Twelve weeks after the song dropped, Sir Mix A Lot’s “Baby Got Back’” was number one on the Billboard charts. It was 1992 and the rap song’s refrain, “I like big butts and I cannot lie,” became a pop culture catchphrase. But, some radio stations wouldn’t air it, and the music video was even temporarily banned from MTV because of the sexually explicit lyrics. Lt. Diana Perez didn’t expect to be serenaded with those lyrics last year in the North Providence police station where she worked. But she was. Her balladeer? Acting Police Chief Christopher Pelagio. You can’t make this stuff up.
Lt. Perez is the highest-ranking female officer in the department’s history. For 13 years, she says she’s withstood an onslaught of sexually graphic comments and gestures.

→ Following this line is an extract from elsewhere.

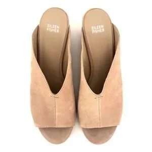 Eileen Fisher "Katniss" Tan Nubuck Open Toe Slides Size 10 Neutral
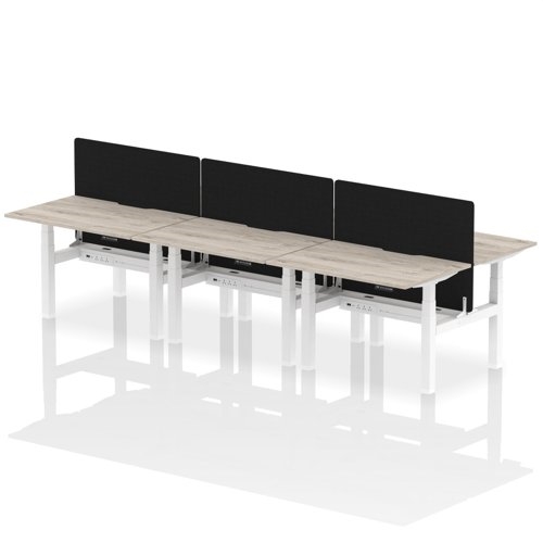 Air Back-to-Back 1200 x 800mm Height Adjustable 6 Person Office Bench Desk Grey Oak Top with Scalloped Edge White Frame with Black Straight Screen

Another of her colleagues, Lt. John Anzivino, pointed to his crotch and with his hands gestured to a female job candidate to sit on his lap. We know these details because Lt. Perez filed a sexual harassment lawsuit against the town of North Providence, two named department officers, and the town’s mayor, Charles Lombardi. But, the town’s own investigation found that the officers’ comments and gestures were not harassment. “Offensive” yes, “lewd”, yes, “inappropriate,” yes, and “unwanted”, for sure, but not harassment.
Odd, that’s exactly how the U.S. Equal Employment Opportunity Commission defines as harassment. The Commission’s website describes it as “unwelcome sexual advances,” and “offensive remarks about a person’s sex.” And the website notes, “harassment is illegal when it is so frequent or severe that it creates a hostile or offensive work environment.”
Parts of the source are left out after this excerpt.